_EXERCISE GOAL_: Set down each line of the material that follows exactly, and leave its pictures out.
====== DATA SHOWN
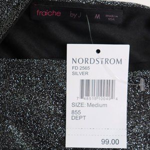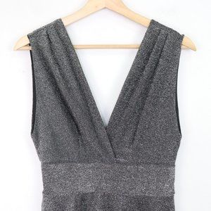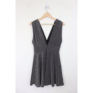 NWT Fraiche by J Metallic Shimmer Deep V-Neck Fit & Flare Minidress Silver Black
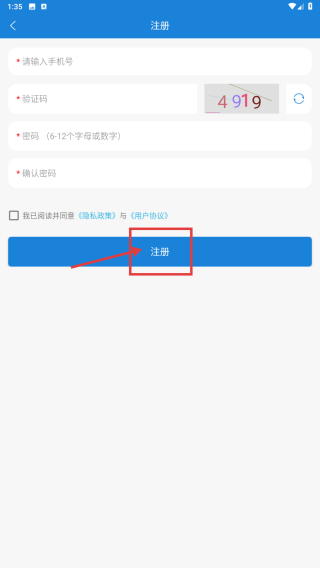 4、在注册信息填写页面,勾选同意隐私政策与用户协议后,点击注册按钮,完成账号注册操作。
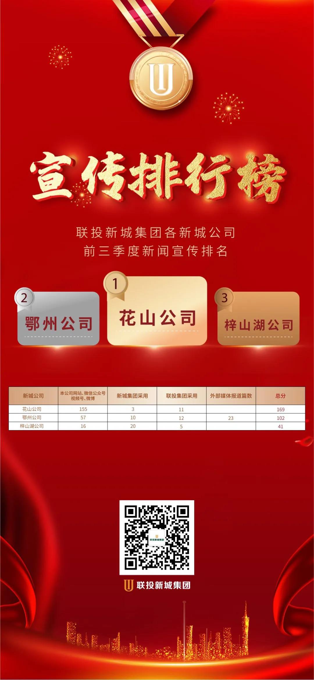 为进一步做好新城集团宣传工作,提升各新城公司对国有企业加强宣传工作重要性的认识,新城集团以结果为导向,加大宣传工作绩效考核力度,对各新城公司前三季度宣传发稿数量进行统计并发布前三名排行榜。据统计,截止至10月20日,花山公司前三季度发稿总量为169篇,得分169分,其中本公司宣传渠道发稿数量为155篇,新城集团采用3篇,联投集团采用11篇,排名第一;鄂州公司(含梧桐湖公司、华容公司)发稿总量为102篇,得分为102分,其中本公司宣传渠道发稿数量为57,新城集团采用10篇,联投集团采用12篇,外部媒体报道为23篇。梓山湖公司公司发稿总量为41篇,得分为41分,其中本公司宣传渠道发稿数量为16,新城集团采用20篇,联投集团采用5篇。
============
_ANSWER BOX_:
 NWT Fraiche by J Metallic Shimmer Deep V-Neck Fit & Flare Minidress Silver Black
 4、在注册信息填写页面,勾选同意隐私政策与用户协议后,点击注册按钮,完成账号注册操作。
 为进一步做好新城集团宣传工作,提升各新城公司对国有企业加强宣传工作重要性的认识,新城集团以结果为导向,加大宣传工作绩效考核力度,对各新城公司前三季度宣传发稿数量进行统计并发布前三名排行榜。据统计,截止至10月20日,花山公司前三季度发稿总量为169篇,得分169分,其中本公司宣传渠道发稿数量为155篇,新城集团采用3篇,联投集团采用11篇,排名第一;鄂州公司(含梧桐湖公司、华容公司)发稿总量为102篇,得分为102分,其中本公司宣传渠道发稿数量为57,新城集团采用10篇,联投集团采用12篇,外部媒体报道为23篇。梓山湖公司公司发稿总量为41篇,得分为41分,其中本公司宣传渠道发稿数量为16,新城集团采用20篇,联投集团采用5篇。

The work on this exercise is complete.